Goldman Sachs Group Inc continues to be plagued by legal troubles over its involvement with 1MDB with its inclusion int a criminal probe into the troubled state investment firm.
Since late 2017, Singaporean authorities have been looking into the relationship between 1MDB and Goldman Sachs – which helped raise money for the state fund – but it is only now that the bank's local unit has come under the lens of investigators, according to people with knowledge of the matter.
As reported by Bloomberg today, Singaporean authorities are trying to determine whether some of the roughly US$600 million (RM2.5 billion) in fees – from the three bond deals brokered for 1MDB from 2012 to 2013 – flowed to the Goldman Sachs unit in the country.
This new development is the latest in a series of charges and investigations opened up against Goldman Sachs in relation to the bond deals.
This week, prosecutors here filed charges against Goldman Sachs in connection with its role as underwriter and arranger of the three bond sales that raised US$6.5 billion (RM27.16 billion) for 1MDB. This is the first such criminal action against the bank over this scandal.
It was reported yesterday that Malaysia is seeking RM31.34 billion in reparations from Goldman Sachs.
Investors in the US also this week filed a class action lawsuit against the US bank and three of its executives, seeking damages over its dealings with 1MDB.
The lawsuit states that Goldman Sachs had made "materially false and misleading statements" regardings its business and operations, which includes the information that "Goldman participated in a fraud and money-laundering scheme in collusion with 1MDB."
In November, the US Department of Justice (DOJ) indicted former Goldman Sachs banker Tim Leissner and another ex-Goldman banker, along with fugitive businessperson Low Taek Jho on multiple criminal charges related to the 1MDB scandal.
Bloomberg reported that Singapore is now coordinating closely with the DOJ, which is also investigating Goldman Sachs.
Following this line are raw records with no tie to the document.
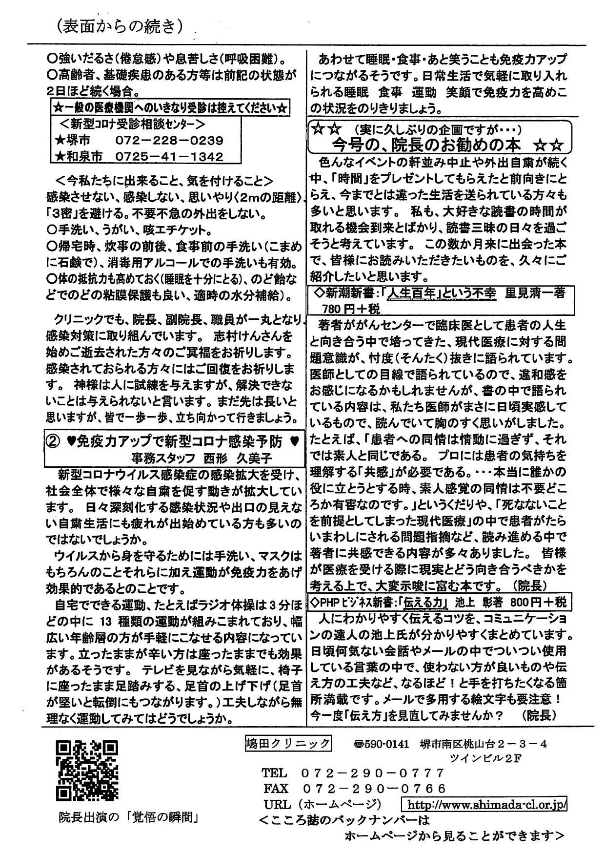 令和2年5月7日 こころ誌120号 | 内科は大阪府、堺市の医療法人祐希会 嶋田クリニック | 院内報「こころ」
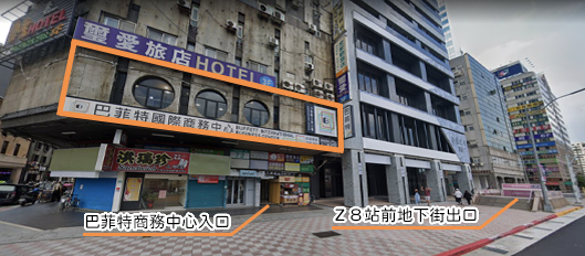 詢問路人或看牆上指引地圖找到地下街Z8出口,出來後找到巴菲特國際商務中心2F。
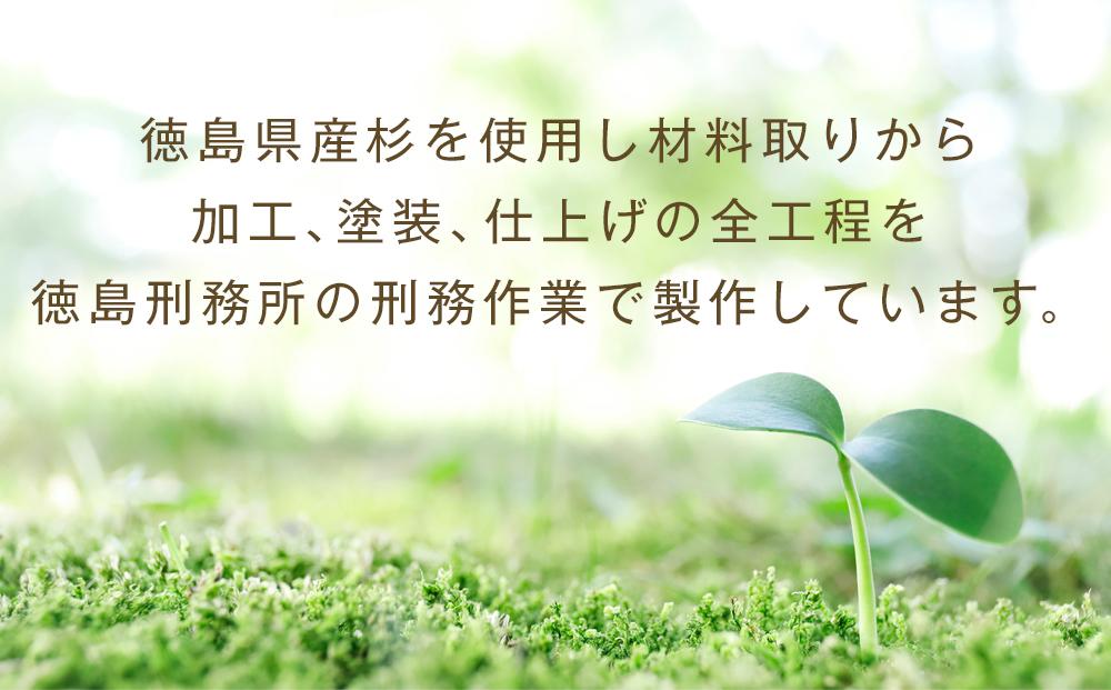 徳島県産杉を使用し、全工程を徳島刑務所の刑務作業で製作しています。
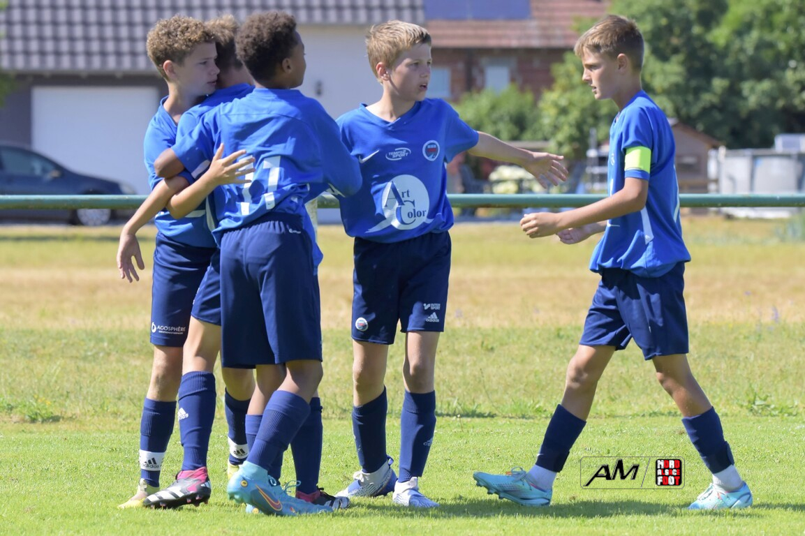 Le FCSR Haguenau (en bleu) s'adjugea l'édition 2023 du Challenge Jean-Marc Schneider - Photo NAF
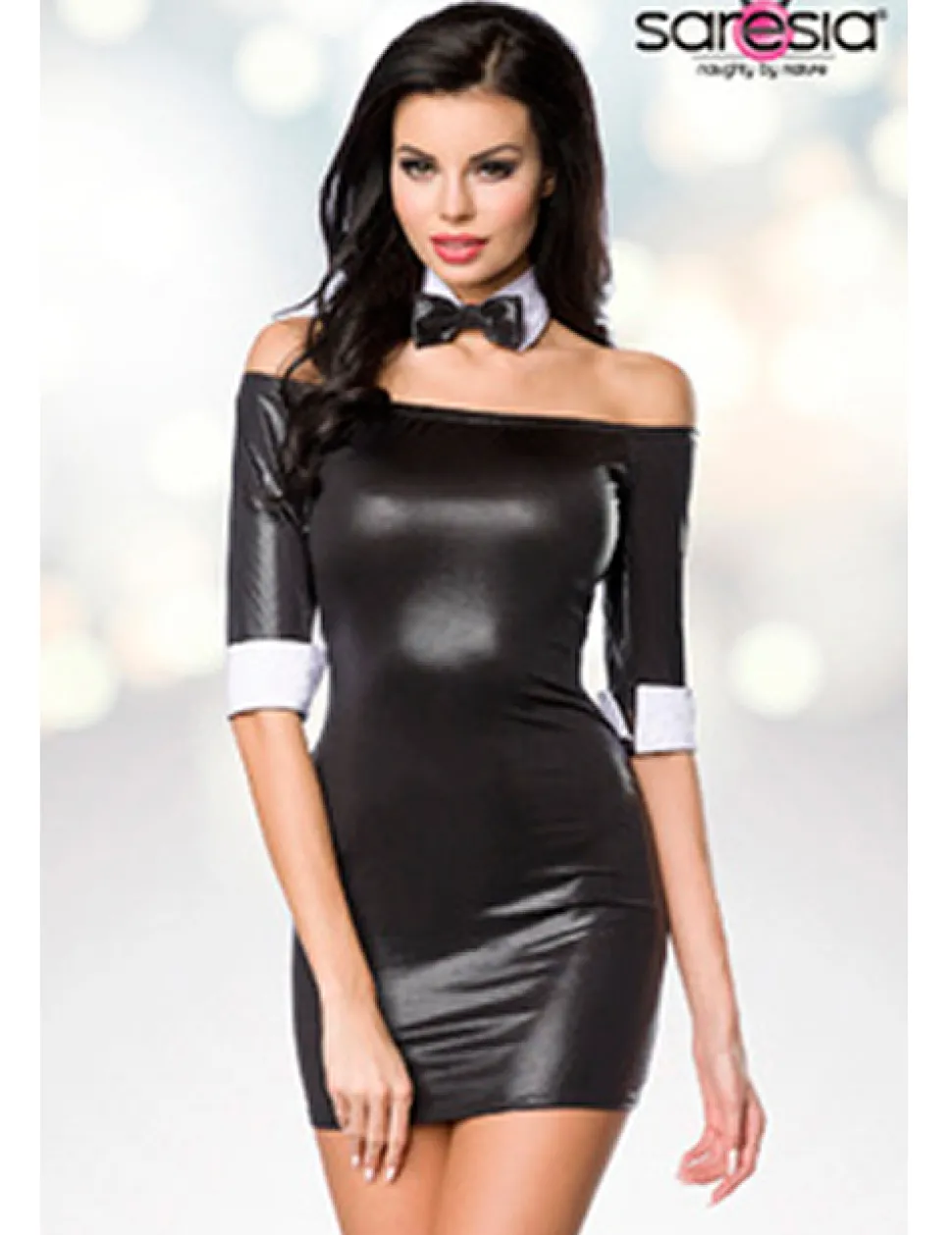 Das „Kleine Schwarze“ für mehr Glanz und Glamour. Dieses Minikleid ist aus softem, elastischem Material im Metallic-Look, das im Spiel des Lichtes geheimnisvoll irisiert. So beschert es Ihnen immer einen besonders glanzvollen Auftritt. Besonders originell: Der Kragen mit Fliege ist mit einem Klettverschluss ausgestattet. Die ¾-Ärmel enden mit weißen Manschetten. Verführerische, schulterfreie Linienführung, sexy auf Figur gearbeitet. Dank der hohen Elastizität des Material lässt erlaubt das Kleid trotz des hautengen Sitzes optimale Bewegungsfreiheit.
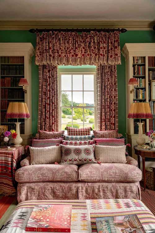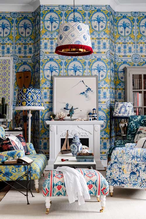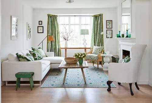 يمكن أن يكون الطابع العام لغرفة الجلوس مزخرفا وملونا نتيجة وجود بعض الاقمشة الملونة المستخدمة بالأرائك أو الستائر، لكن يجب أن يشمل ذلك الاضاءة ايضا. في هذا التصميم مثلا ينعكس اللون الجميل للستائر ذات اللون الاخضر الذي يشبه لون الببغاء والازرق النيلي والأبيض الفاقع على الجدران الخضراء والثريا البيضاء الشفافة.
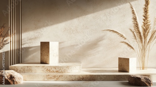 Earthy Elegance - 3D Eco Backdrop with Natural Textures and Clean Surfaces for Display Needs
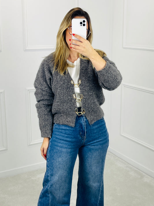 EsgotadoCARDIGAN CASTANHO COM AZUL
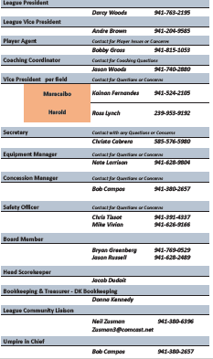 League Community Liaison: Neil Zusman 941-380-6396
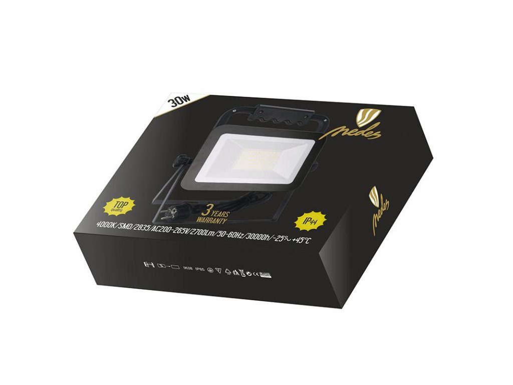 LED HQ reflektor 30W s držiakom / 4000K / BK / H - LF2023H
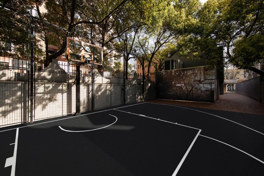 通过长廊向内而行,绿树环绕下的后院篮球场绝对是热爱拍照、打卡的小伙伴们期望的样子!
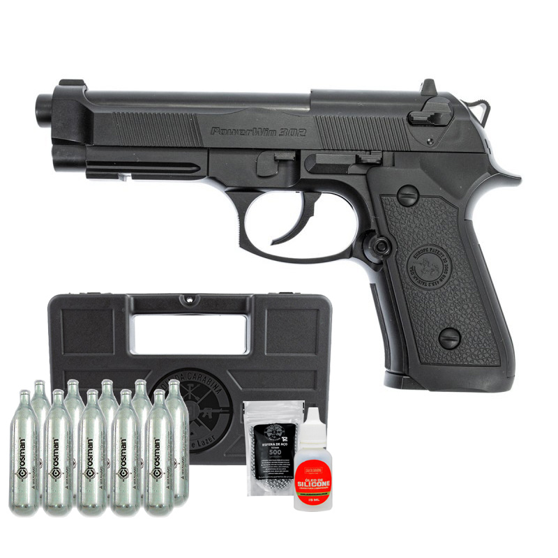 PISTOLA CO2 BERETTA 6.0MM + ESFERAS DE AÇO + CILINDRO CO2 CROSMAN + CASE RÍGIDA + ÓLEO
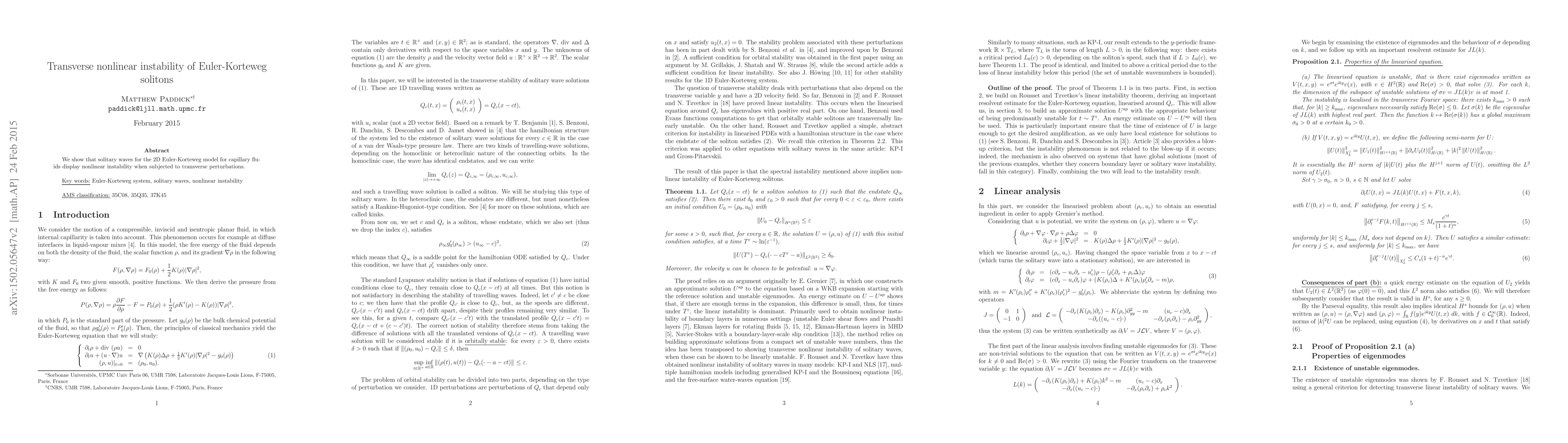 Summary: This study reveals that solitary waves in the 2D Euler-Korteweg model for capillary fluids exhibit nonlinear instability when exposed to transverse perturbations, challenging their stability.
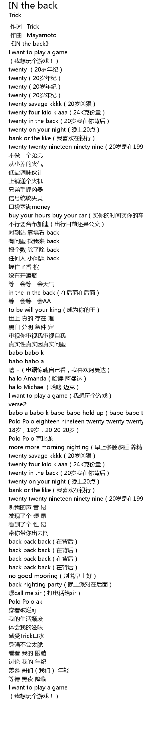 | [00:45.771] | in the in the back zài hòu miàn zài hòu miàn |
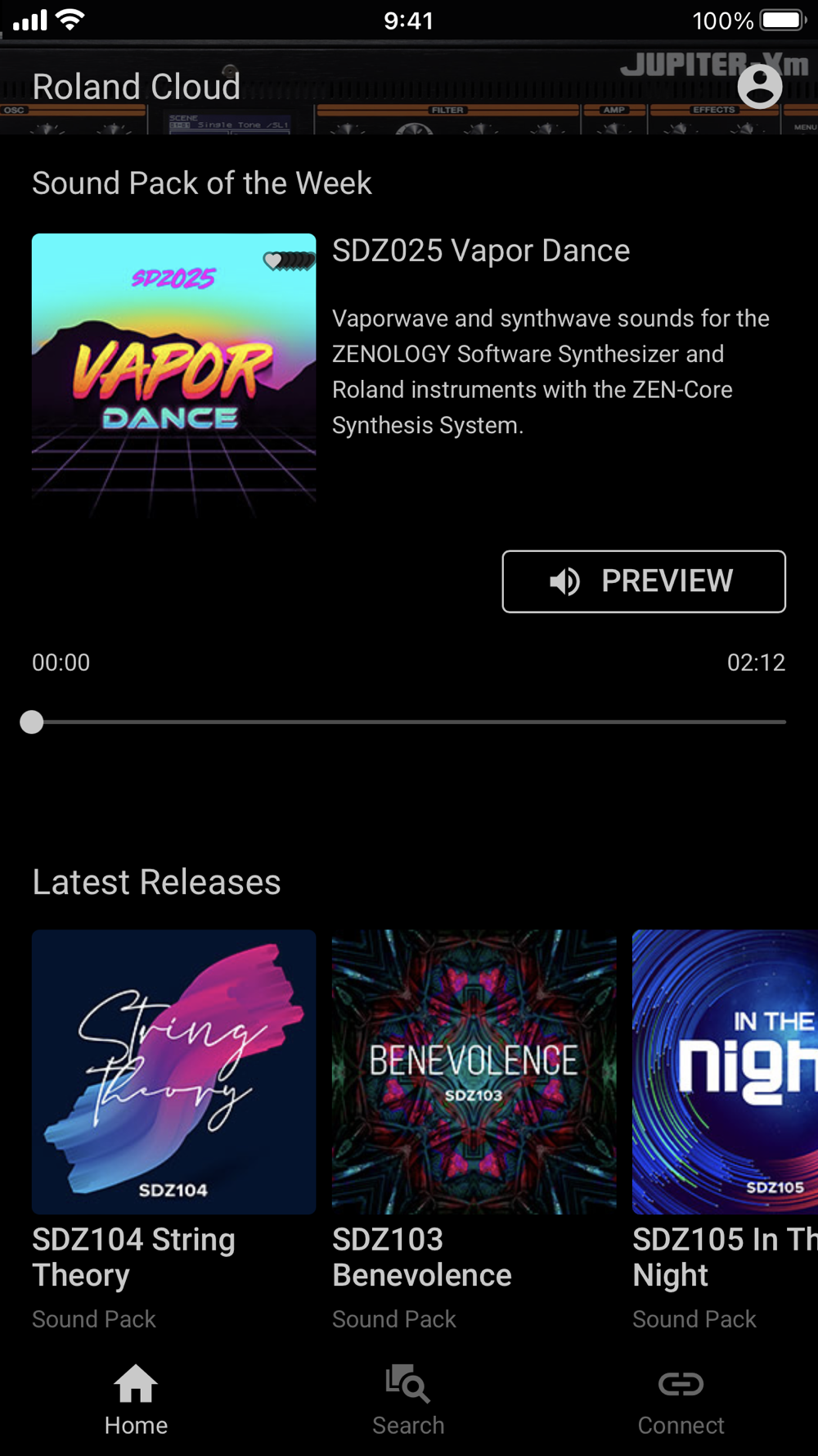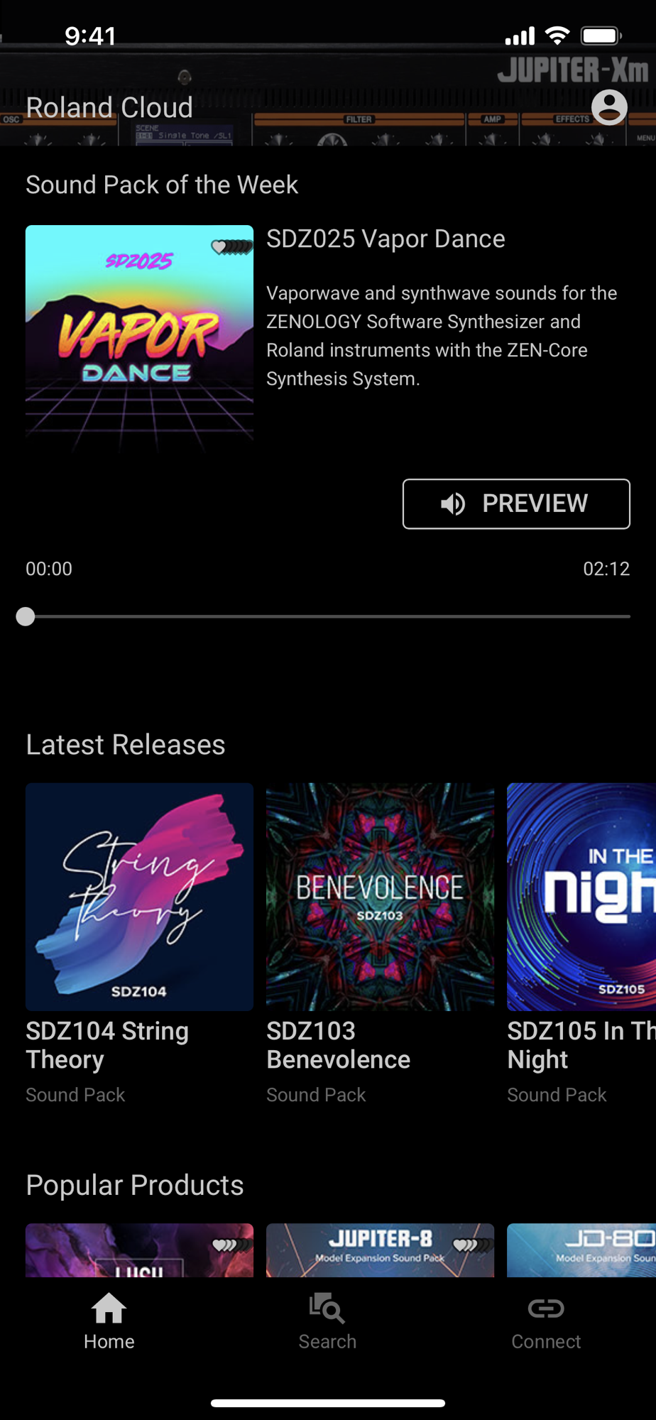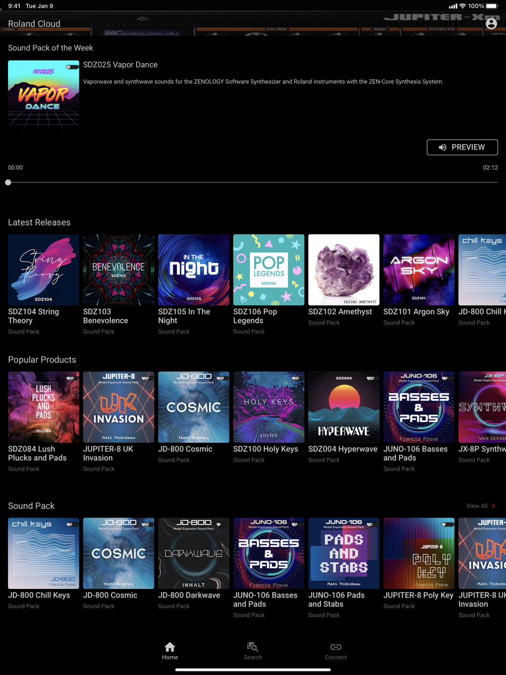 Roland Cloud Connect is an app which enables you to check tones on your JUPITER-X/JUPITER-Xm/JUNO-X/GAIA-2 via Roland WC-1, or, subscribe to Roland Cloud's paid Membership then install additional Sound Packs, Wave Expansions, Model Expansions, etc., to the JUPITER-X/JUPITER-Xm/JUNO-X/GAIA-2.

Sources said Singaporean authorities could use the new deferred-prosecution agreement (DPA) system against Goldman Sachs' local subsidiary.
DPAs are used by countries such as US and UK to police banks and impose billions of dollars in fines over wrongdoing.
Another possibility is that Singapore would settle for regulatory action against Goldman Sach's local unit, the paper added.
Previously, the Monetary Authority of Singapore (MAS) has slapped Leissner with a lifetime ban after he pleaded guilty to conspiracy to launder money and conspiracy to violate the American Foreign Corrupt Practices Act (FCPA) over his 1MDB-related charges.
The ban prohibits Leissner, who was Goldman's former Southeast Asia chairperson, from managing any capital markets services firm in the republic and perform any regulated activity under its Securities and Futures Act, among others.